«L'instruction a été conduite de la façon la plus arbitraire. Elle n'a abouti qu'à montrer l'inanité absolue des racontars faits sur le capitaine Dreyfus, et le mensonge des rapports policiers que des témoins ont démenti et que l'accusation n'a pas osé retenir.
«La base de l'accusation reste donc une feuille de papier pelure—sorte de bordereau d'envoi, de style et d'orthographe bizarres,—déchirée en quatre morceaux et soigneusement recollée.
«D'où venait cette pièce? D'après le rapport de M. Besson d'Ormescheville, le général Joux, en la remettant à l'officier de police judiciaire, déclara qu'elle avait été adressée à une puissance étrangère, qu'elle lui était parvenue, mais que, d'après les ordres formels du ministère de la Guerre, il ne pouvait indiquer par quels moyens ce document était tombé en sa possession.

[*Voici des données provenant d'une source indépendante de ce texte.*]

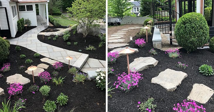 Our client wanted a fresh new look that would complement their new addition. From a design standpoint, we wanted the patio makeover to seamlessly blend in with its surroundings. Therefore, we used natural stone for all surfaces. First we laid bluestone for the patio and walkways – the back patio includes a reclaimed granite inlay. The natural colors in the bluestone reflect hues of the sky and the earth. Then we used granite for the steps, walls and caps. The durability of granite will stand the test of time.

«L'accusation ne sait donc pas comment ce document non daté, non signé, est parti des mains de l'inculpé. La défense ignore par quelles voies il est revenu de l'ambassade qui le possédait. A qui la lettre était-elle adressée? Qui l'a volée ou livrée? A toutes ces questions pas de réponse.»[1].
(S'interrompant.) Ailleurs, déjà, il avait démontré l'invraisemblance de cette pièce. (Reprenant sa lecture.) Tenez:
«Ce document lui-même est-il vraisemblable? Non.
«Examinons son origine, ou plutôt l'origine qu'on lui attribue. D'après M. Montville (Journal du 16 Septembre 1896) il aurait été trouvé, à l'ambassade d'Allemagne, par un garçon de bureau qui avait l'habitude de livrer à des agents français, le contenu des corbeilles à papier. Y a-t-il jamais eu à l'ambassade d'Allemagne quelqu'un qui se soit livré à ce trafic? Oui. Cela était-il resté ignoré de l'ambassade? Non. Quand cette ambassade en eut-elle connaissance? Un an environ avant l'affaire Dreyfus. Dans quelles circonstances? Je vais le dire[2].»
(S'interrompant.) Je vous passe le récit du procès de Mme Millescamps en police correctionnelle. Vous le lirez...
(Reprenant:)
«Donc, un an avant l'affaire Dreyfus, on savait à l'ambassade d'Allemagne que les détritus de papier étaient communiqués à des agents français. Mais on ignorait, un an après, si celui qui se livrait à ce commerce n'était pas toujours à l'ambassade. On avait, par conséquent, la plus extrême méfiance, et on prenait les plus grandes précautions.